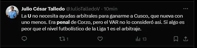 Y es que los comentarios indican que efectivamente Universitario de Deportes no necesita de este clase de ayudas para que ganar un partido del Torneo Apertura ni mucho menos para seguir prendidos en la parte más alta del de la tabla de posiciones, sobre todo cuando no es la primera vez que una acción ofensiva del cuadro rival no es revisada determinante por el video arbitraje y existe la sensación de que no miden con la misma vara a los equipos cremas que a los demás.
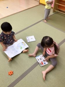 一緒に見たことがきっかけで、そのあと仲良く遊んでいる姿も見られるので、絵本は友だち作りにとっても欠かせないもののようです![]()
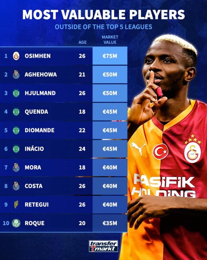 北京时间12月29日,德转列出了非欧洲五大联赛球员身价前10,奥斯梅恩以7500万欧元高居第一,奥莫罗迪翁和莫滕-尤尔曼德5000万欧元并列第二,巴塞罗那旧将维托尔-罗克上榜。
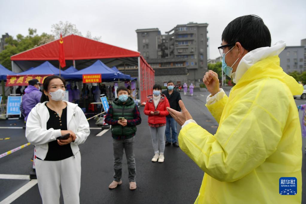 在南昌市东湖区滕王阁广场核酸检测点,志愿者李焕秋(右一)用手语向听障人士介绍做核酸检测需要注意的事项(3月21日摄)。
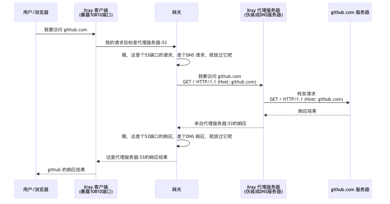 那么我们就有了个巧妙的想法:既然飞机网关对DNS请求没有拦截,那么理论上我们可以把代理服务器伪装成DNS服务器, 暴露DNS服务的53端口,所有的请求都经过代理服务器,伪装成 DNS 请求,那么就可以绕过拦截了。

▬▬▬▬▬▬▬▬▬▬

_PROBLEM REQUIREMENTS_. Only the lines from the one containing "在南昌市东湖区滕王阁广场核酸" through the final line of the data should be given again, exactly and without pictures.

_SOLUTION TO THIS TASK_.
 在南昌市东湖区滕王阁广场核酸检测点,志愿者李焕秋(右一)用手语向听障人士介绍做核酸检测需要注意的事项(3月21日摄)。
 那么我们就有了个巧妙的想法:既然飞机网关对DNS请求没有拦截,那么理论上我们可以把代理服务器伪装成DNS服务器, 暴露DNS服务的53端口,所有的请求都经过代理服务器,伪装成 DNS 请求,那么就可以绕过拦截了。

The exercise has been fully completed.